Start with one real feature flag and one experiment candidate. Test internal targeting, percentage rollout, SDK behavior, rollback, exposure tracking, and metric readout. If the team can control release and measure impact with the same platform, GrowthBook has validated the job that matters most.
GrowthBook is the best free default when you want flags to grow into a disciplined experimentation program.
2. Unleash
Unleash is one of the strongest open-source feature flagging platforms for teams that want self-hosted feature management and mature release controls.
Best for
Unleash fits engineering teams that want to own their feature flag platform, run it in their infrastructure, and focus on release management. It is especially relevant for platform teams, regulated environments, and organizations that want open-source feature management without building an in-house system.

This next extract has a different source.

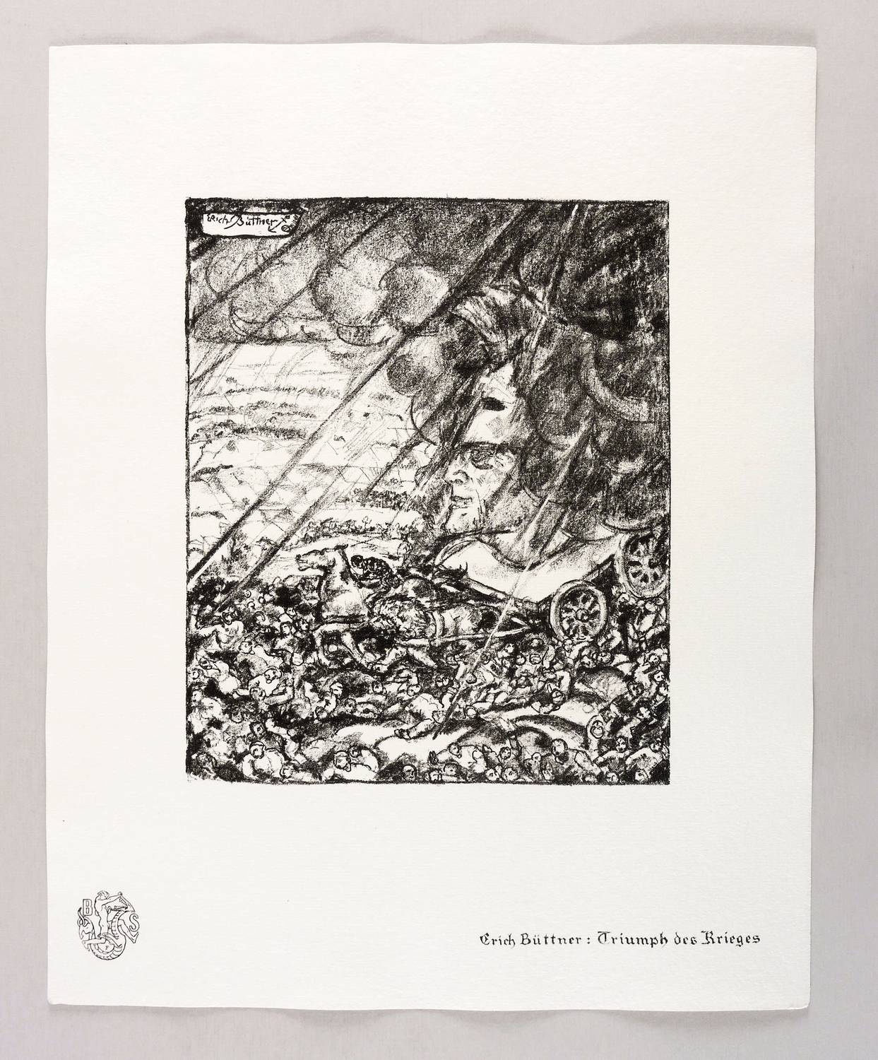 Aus: Krieg und Kunst. Original-Steinzeichnungen der Berliner Sezession (Berlin: Julius Bard 1915). – Nicht handsigniert. Im Stein links oben im Schriftband signiert: ″Erich Büttner″. Im Blattrand rechts unten typografisch bezeichnet und betitelt: ″Erich Büttner: Triumph des Krieges″. Links unten Vignette der Berliner Sezession. – Originalrandiges Exemplar. Sehr guter Zustand.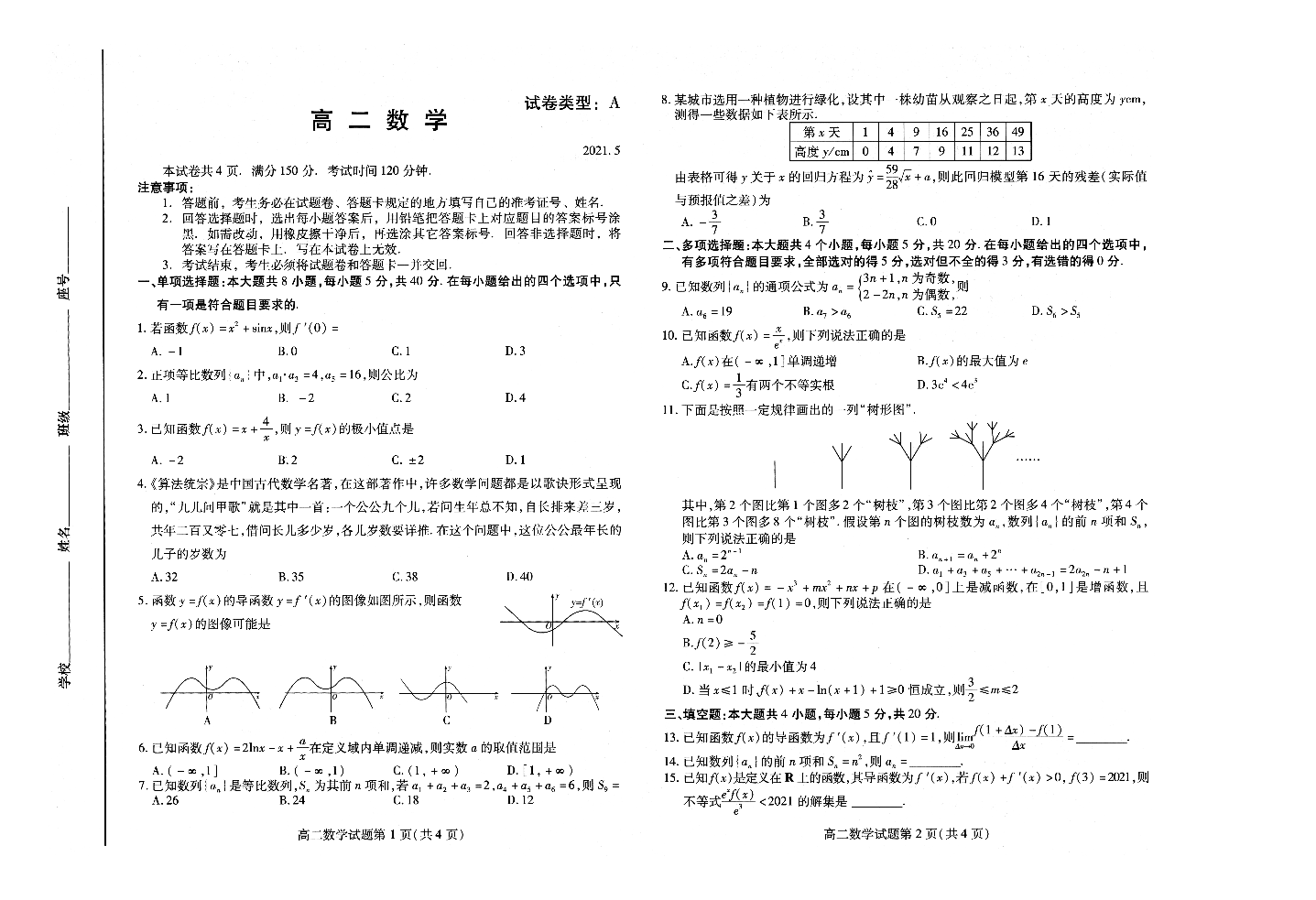 山东省潍坊市2021.5高二期中统一检测试题数学

Unleash also has a clear enterprise path. The current Unleash pricing page positions Pay-As-You-Go Enterprise as a hosted 14-day trial with a $75 per-seat monthly price and a self-hosted minimum. That means the free path is mainly open-source self-hosting or short hosted evaluation, not a permanent hosted free tier.
Key strengths
Unleash has mature feature-management concepts: projects, environments, activation strategies, variants, stickiness, gradual rollouts, feature flag metrics, and lifecycle controls. Its pricing page lists unlimited feature flags, projects, environments, experiments, A/B/n testing with flag variants, custom activation strategies, targeting, user segmentation, and 25+ SDKs on Enterprise packaging.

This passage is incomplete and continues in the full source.